Step 11. Modify: from-scratch -> linear-probe -> full-finetune#

Modify (concept). This script ran the from-scratch regime; cousin tutorial plot_73 carries the recipe for linear-probe and full-finetune. To extend: pretrain the same EEGConformer on a related task, reload the encoder with strict=False, toggle requires_grad on the head only (linear-probe) or on every parameter (full-finetune), keep the rest constant, and compare best_val_r and gap-vs-from-scratch on the same 3-panel figure.

Wrap-up#

We trained a small braindecode.models.EEGConformer end-to-end on a Challenge-shaped windowed table, kept the cross-subject split strict, recorded train/val curves and val r across two seeds, scored the held-out subjects, and pulled a saliency map back through the network. The p-factor signal in EEG is genuinely faint and p_factor is a derived score, not a diagnosis; any clinical framing belongs in a follow-up study with much larger N.

Try it yourself#

  • Swap braindecode.models.EEGConformer for braindecode.models.ShallowFBCSPNet and rerun.

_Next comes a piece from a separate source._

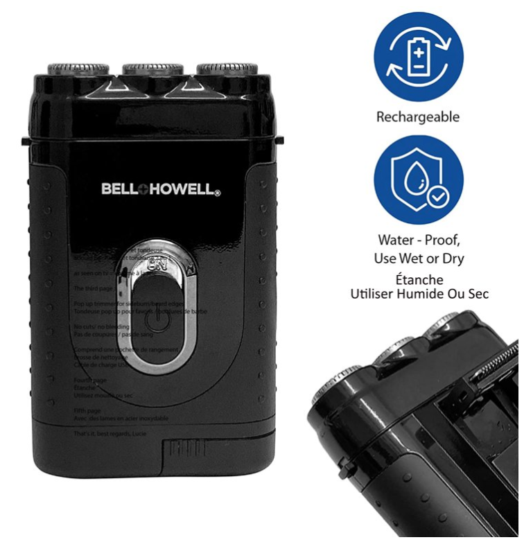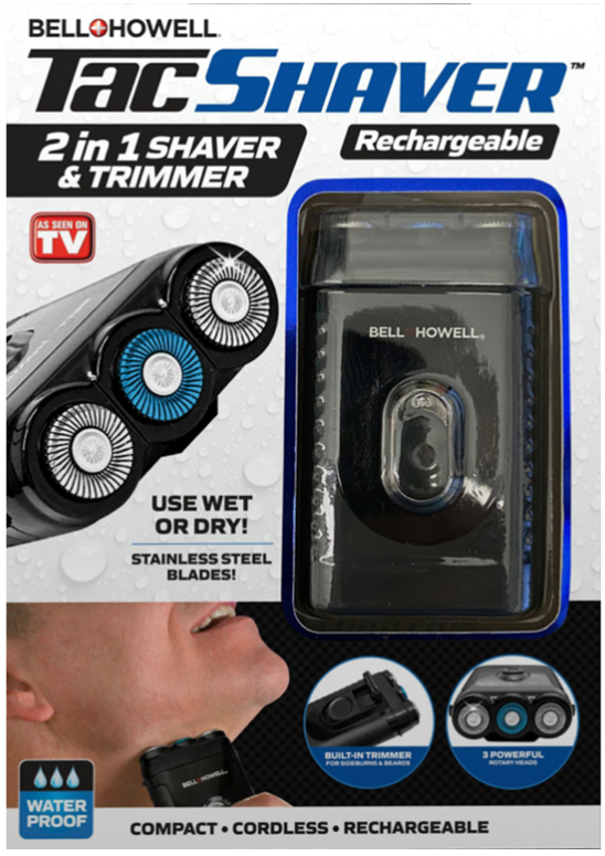 - محتوى التعبئة: 1 ماكينة حلاقة Tac Bell+Howell مع مقص مدمج وقابلة للشحن

  • Bump N_SEEDS to 5 and report the 5-seed mean r +/- SE.

  • Replace the synthetic windows with a real ds005505 query (/auto_examples/tutorials/10_core_workflow/plot_10_preprocess_and_window).

  • Pretrain on eyes-open vs eyes-closed and run linear-probe; compare best_val_r with the from-scratch run from this script.

References#

See References for the centralised bibliography of papers cited above. Add or amend an entry once in docs/source/refs.bib; every tutorial inherits the update.